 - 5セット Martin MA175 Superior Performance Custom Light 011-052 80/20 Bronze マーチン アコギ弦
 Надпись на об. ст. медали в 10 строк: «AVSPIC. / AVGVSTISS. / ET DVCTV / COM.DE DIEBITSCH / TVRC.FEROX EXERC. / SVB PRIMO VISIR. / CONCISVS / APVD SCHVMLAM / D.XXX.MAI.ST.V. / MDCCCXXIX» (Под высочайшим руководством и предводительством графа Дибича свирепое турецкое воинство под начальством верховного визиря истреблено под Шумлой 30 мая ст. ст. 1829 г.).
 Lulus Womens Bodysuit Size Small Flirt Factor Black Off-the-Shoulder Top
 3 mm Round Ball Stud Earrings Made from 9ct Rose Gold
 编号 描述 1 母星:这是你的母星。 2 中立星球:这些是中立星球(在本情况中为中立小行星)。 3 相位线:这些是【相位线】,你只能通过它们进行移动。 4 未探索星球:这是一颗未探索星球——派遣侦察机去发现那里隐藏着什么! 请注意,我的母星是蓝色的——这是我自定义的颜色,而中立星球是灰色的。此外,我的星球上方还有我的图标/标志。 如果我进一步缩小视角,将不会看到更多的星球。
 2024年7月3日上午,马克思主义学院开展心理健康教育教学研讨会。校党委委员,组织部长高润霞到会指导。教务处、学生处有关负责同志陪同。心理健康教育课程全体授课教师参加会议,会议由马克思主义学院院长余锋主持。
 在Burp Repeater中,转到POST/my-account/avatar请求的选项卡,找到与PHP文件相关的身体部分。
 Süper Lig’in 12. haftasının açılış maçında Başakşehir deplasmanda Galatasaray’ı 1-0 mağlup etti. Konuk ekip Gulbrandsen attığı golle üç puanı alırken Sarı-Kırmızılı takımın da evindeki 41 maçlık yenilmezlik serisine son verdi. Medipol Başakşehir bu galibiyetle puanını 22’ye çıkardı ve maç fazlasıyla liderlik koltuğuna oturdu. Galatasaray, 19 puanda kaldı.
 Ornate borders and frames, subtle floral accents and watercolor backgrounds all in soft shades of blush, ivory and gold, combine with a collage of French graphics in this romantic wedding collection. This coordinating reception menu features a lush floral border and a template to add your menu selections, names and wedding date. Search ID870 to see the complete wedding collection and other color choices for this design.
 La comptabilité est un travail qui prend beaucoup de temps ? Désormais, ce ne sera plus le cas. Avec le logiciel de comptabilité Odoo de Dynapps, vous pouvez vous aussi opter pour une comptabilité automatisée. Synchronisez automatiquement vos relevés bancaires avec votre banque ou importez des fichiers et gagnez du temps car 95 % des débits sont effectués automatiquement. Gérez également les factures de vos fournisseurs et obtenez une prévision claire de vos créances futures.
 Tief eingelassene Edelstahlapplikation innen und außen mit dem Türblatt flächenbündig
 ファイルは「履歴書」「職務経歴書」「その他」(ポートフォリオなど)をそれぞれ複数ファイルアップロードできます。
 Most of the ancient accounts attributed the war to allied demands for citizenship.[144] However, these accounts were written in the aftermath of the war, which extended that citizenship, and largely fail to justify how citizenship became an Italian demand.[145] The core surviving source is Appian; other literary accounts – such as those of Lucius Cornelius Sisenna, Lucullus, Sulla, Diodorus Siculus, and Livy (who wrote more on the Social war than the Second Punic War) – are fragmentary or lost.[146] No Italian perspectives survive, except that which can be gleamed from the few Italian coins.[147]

Task directions:
Search the data above for the word "other". Copy each line it is in.

Written answer:
 Ornate borders and frames, subtle floral accents and watercolor backgrounds all in soft shades of blush, ivory and gold, combine with a collage of French graphics in this romantic wedding collection. This coordinating reception menu features a lush floral border and a template to add your menu selections, names and wedding date. Search ID870 to see the complete wedding collection and other color choices for this design.
 Most of the ancient accounts attributed the war to allied demands for citizenship.[144] However, these accounts were written in the aftermath of the war, which extended that citizenship, and largely fail to justify how citizenship became an Italian demand.[145] The core surviving source is Appian; other literary accounts – such as those of Lucius Cornelius Sisenna, Lucullus, Sulla, Diodorus Siculus, and Livy (who wrote more on the Social war than the Second Punic War) – are fragmentary or lost.[146] No Italian perspectives survive, except that which can be gleamed from the few Italian coins.[147]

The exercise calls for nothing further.